What is the difference between @id and sameAs in schema markup?
The @id property creates a stable internal identifier for your entity that Google’s crawler can use to merge signals across multiple pages on your site. The sameAs property connects your entity to the same entity as described in external authoritative sources — your Wikidata Q-number, your LinkedIn URL, your Wikipedia article. @id handles internal disambiguation; sameAs handles external corroboration.
How long does it take to get a Google Knowledge Panel after building an Entity Home?
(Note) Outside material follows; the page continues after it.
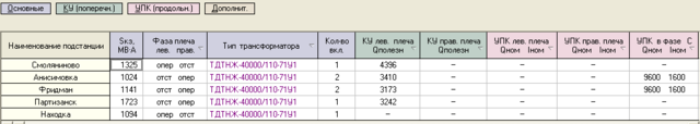 Рисунок 4.9 – Параметры тяговых подстанций участка Смоляниново – Находка

Jason Barnard’s Kalicube Process documentation cites three months to two years. The Danny Goodwin case — resolving a decade of conflation with a baseball player — took twelve months from Entity Home creation to stable Knowledge Panel with accurate entity associations. New entities with no conflicting prior data and strong corroboration can see Knowledge Panel appearance in four to six weeks. Accuracy of inputs matters more than speed of submission.
How does entity disambiguation connect to AI Overview citations?
AI Overview citation probability correlates with entity density and entity recognition. Pages written by authors with correctly disambiguated entity nodes carry stronger E-E-A-T attribution signals. The isAuthor signal connects your content to your entity in Google’s system — but that connection only works if Google is confident about which entity you are. Entity disambiguation is the prerequisite step for all downstream entity-based SEO, including the AI Overview optimization workflow covered in the previous post in this series.
What are the most important Wikidata properties for a person entity in SEO?
The highest-priority properties are P31 (instance of: human), P106 (occupation), P856 (official website, pointing to your Entity Home), P27 (country of citizenship), and P18 (image). Each statement requires a reference citation to a verifiable source. The description field (under 250 characters, format: “role from location”) is particularly important for disambiguation because it is what Google uses to differentiate entities with similar names.